* EXTRACTED RECORDS

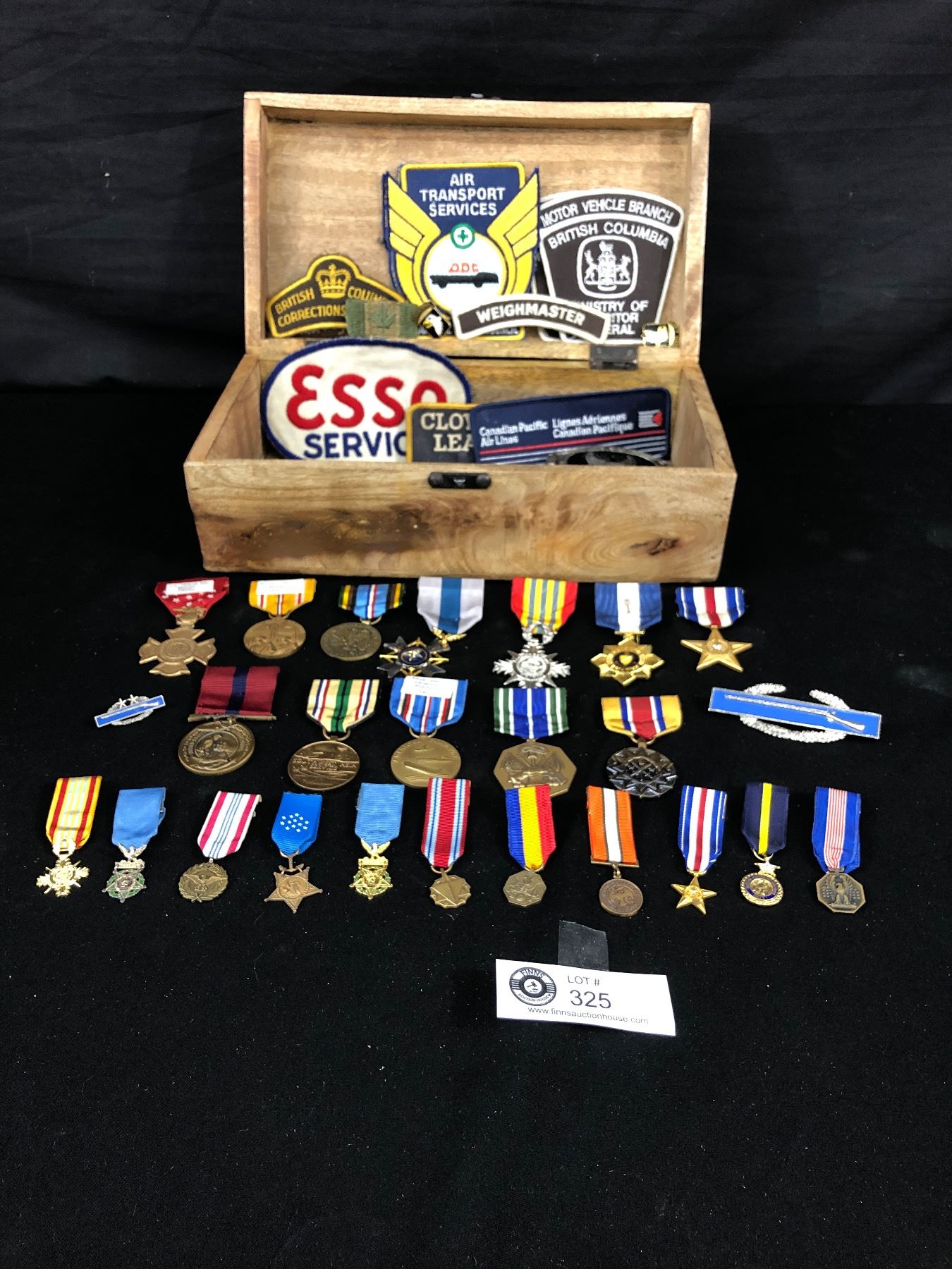 Wooden Box Full of Military Medals and Patches, Mostly American, some Canadian
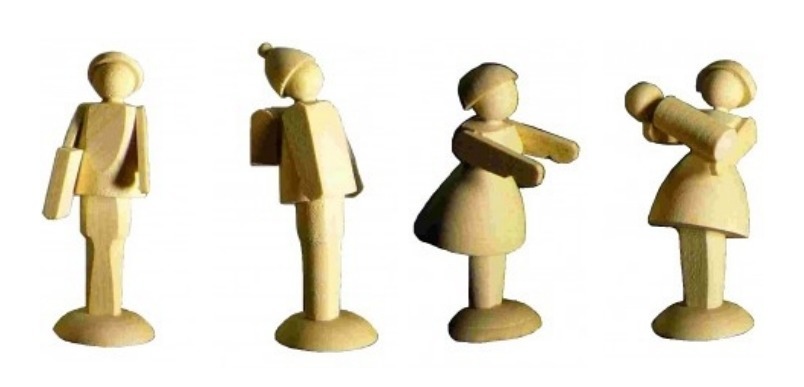 Die in Handarbeit produzierten Figuren aus Ahorn, entstehen aus mehreren Techniken, eine Kombination aus gedrechseltem Grundkörpern, geschnitten, geleimt, geschliffen und zusammengefügt .
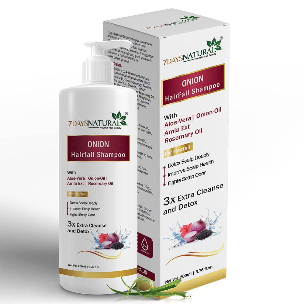 7Days Natural Red Onion Black Seed Oil Hair Growth Shampoo helps combat a number of hair problems. Onion oil is rich in Sulphur, potassium & antioxidants. It reduces hair fall & accelerates hair regrowth.
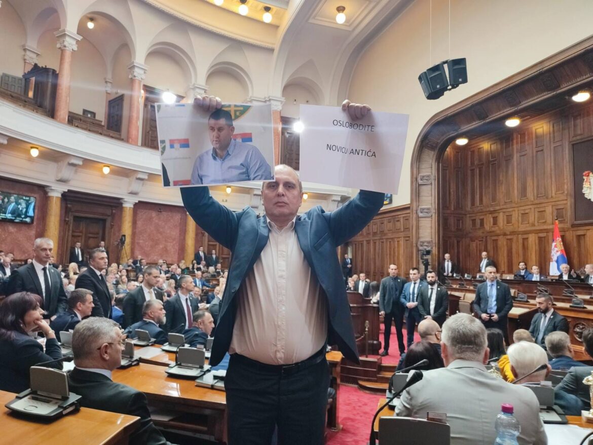 U znak solidarnosti sa Novicom Antićem, predsednikom Vojnog sindikata Srbije, koji je nedavno pritvoren a zatim smenjen sa pozicije pod kontroverznim okolnostima, narodni poslanik Željko Veselinović, predsednik Udruženih sindikata Srbije „Sloga“, nosio je transparente sa slikom pritvorenog sindikalca. Transparenti sa porukom „Oslobodite Novicu Antića“ ističu zahtev za poštovanje prava na slobodu govora i okupljanja, kao i solidarnost među sindikalnim i opozicionim pokretima.
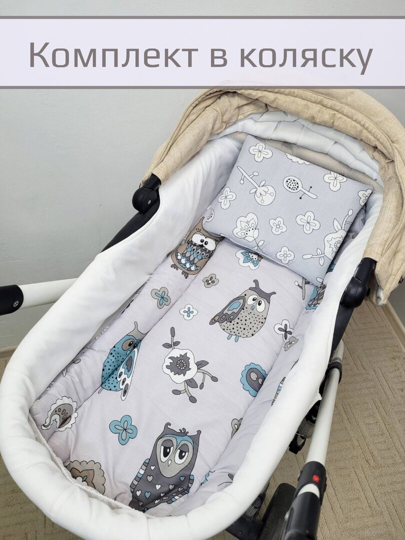 Комплект в коляску "Совы на сером"

* WORK ITEM
Could the lines from the top of the material through the line with "7Days Natural Red" be repeated exactly, pictures left out?

* RESPONSE BOX
 Wooden Box Full of Military Medals and Patches, Mostly American, some Canadian
 Die in Handarbeit produzierten Figuren aus Ahorn, entstehen aus mehreren Techniken, eine Kombination aus gedrechseltem Grundkörpern, geschnitten, geleimt, geschliffen und zusammengefügt .
 7Days Natural Red Onion Black Seed Oil Hair Growth Shampoo helps combat a number of hair problems. Onion oil is rich in Sulphur, potassium & antioxidants. It reduces hair fall & accelerates hair regrowth.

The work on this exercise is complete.